PHOENIX — An Arizona man has been sentenced to eight years in prison for plotting a terror attack on a state government office in the Phoenix area.
Mahin Khan, 18, was sentenced Friday in a Phoenix courtroom. It was the first terrorism prosecution at Arizona’s state level. A federal jury in Phoenix convicted a Valley ISIS supporter on terror charges in March.
Khan, from Tucson, agreed to a plea deal in October to charges of terrorism and conspiracy to commit terrorism. He was arrested in July and originally pleaded not guilty to felony charges.
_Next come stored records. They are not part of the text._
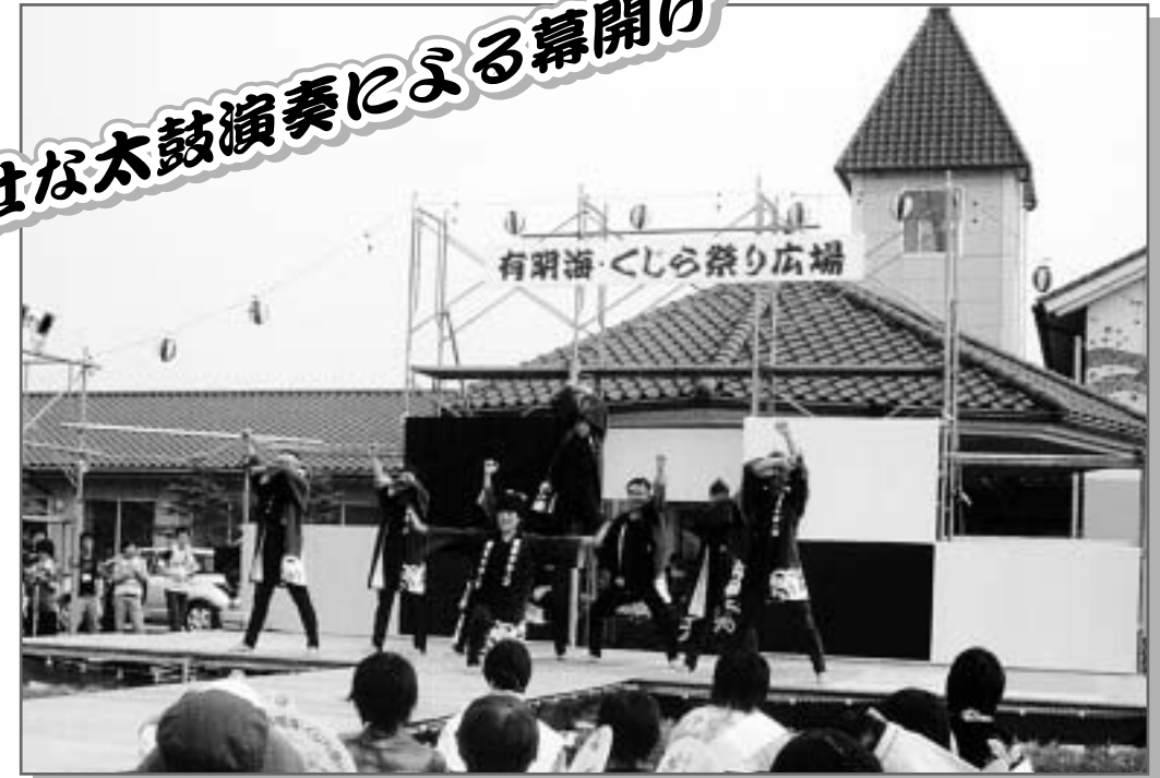
エイ、ヤ、サササ! 威勢のいい踊りです

当日は、夕暮れの涼しい風が吹く中、地域の皆様・ボランティアの皆様合わせて1200名あまりの方々にご来園いただき、大盛況の賑わいとなりました。 オープニングは「天翔太鼓様」による、勇壮な太鼓の演奏で幕開け、その後も、歌や踊り、クリニック・天寿園職員による踊り、パフォーミングス豊かな司会に盛り上がりも格別でした。
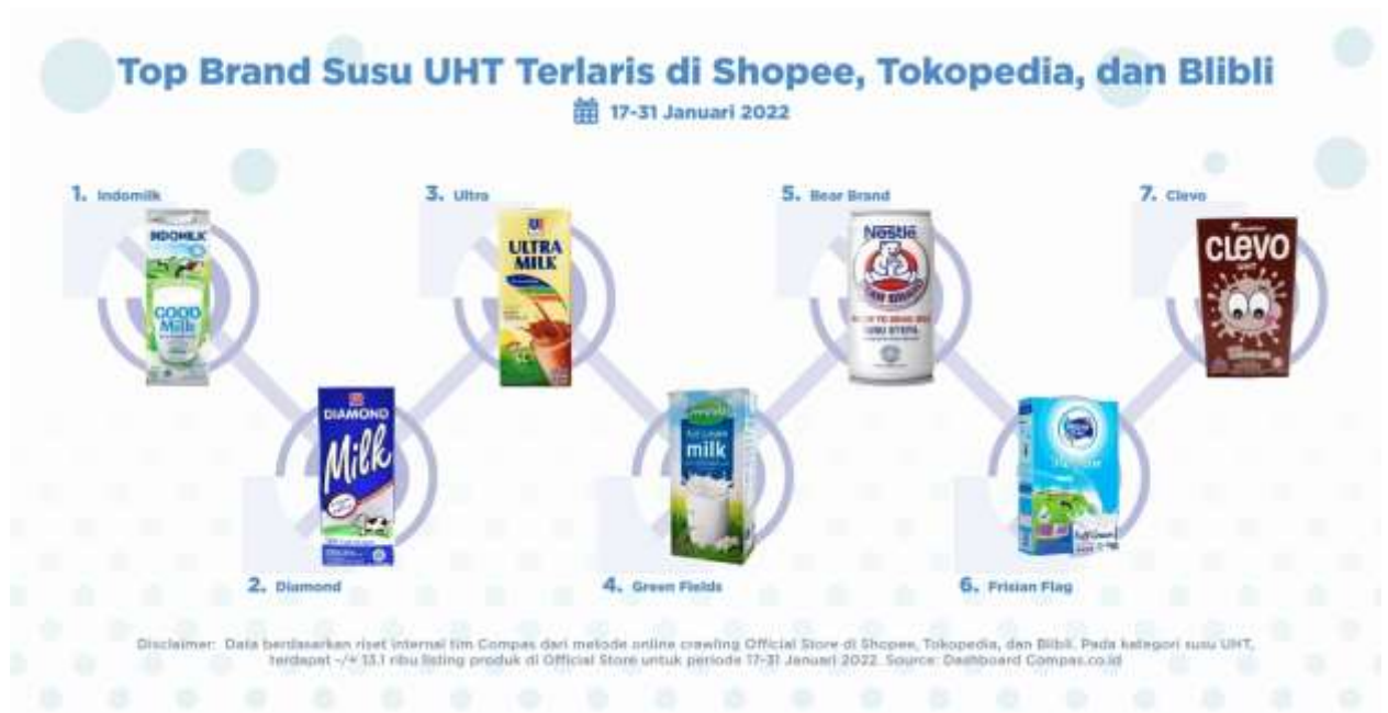
Gambar 1. 3 Top Brand Susu UHT terlaris di e-commerce

Ultra Milk sukses bertahan dalam posisinya pada Top Brand Award fase I 2021. Tahun 2020 produk susu ini mendapatkan skor TBI 31,8% (Annissa Mutia, 2021).
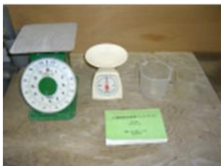
計量はかりや容器

環境保全のため、農薬の散布液が余ることがないように、必要な量だけを計って散布液を調製します。（経営改善にもつながります。）
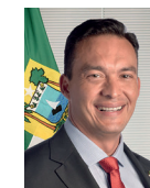
4º Secretário Styvenson Valetim (Podemos-RN)
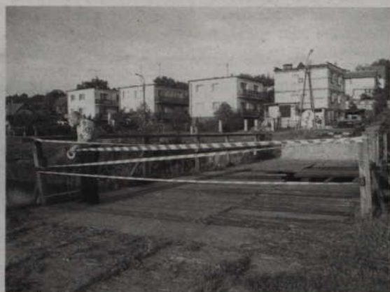
Na ulicy Karowej zarwał się mostek.

Arizona Attorney General Mark Bronovich said the young man was to have supervised probation the rest of his life.
Under the agreement with the Arizona Attorney General’s Office, Khan was to serve a prison term of no less than seven years and no more than 14 years on the conspiracy to commit terrorism charge.
The young man had planned to attack a motor vehicle office in Mesa and a Jewish community center. He had told an undercover FBI operative to start making grenades.
The federal agency also said Khan had contacted someone online it believed to be a member of ISIS.
Agent Benjamin Trentlage testified that Khan, a self-professed supporter of ISIS, described the motor vehicle office as a “soft target.”
According to court papers, the FBI had been keeping an eye on Khan after he had been talking about targeting an Air Force recruitment office in Tucson.
The Associated Press contributed to this report.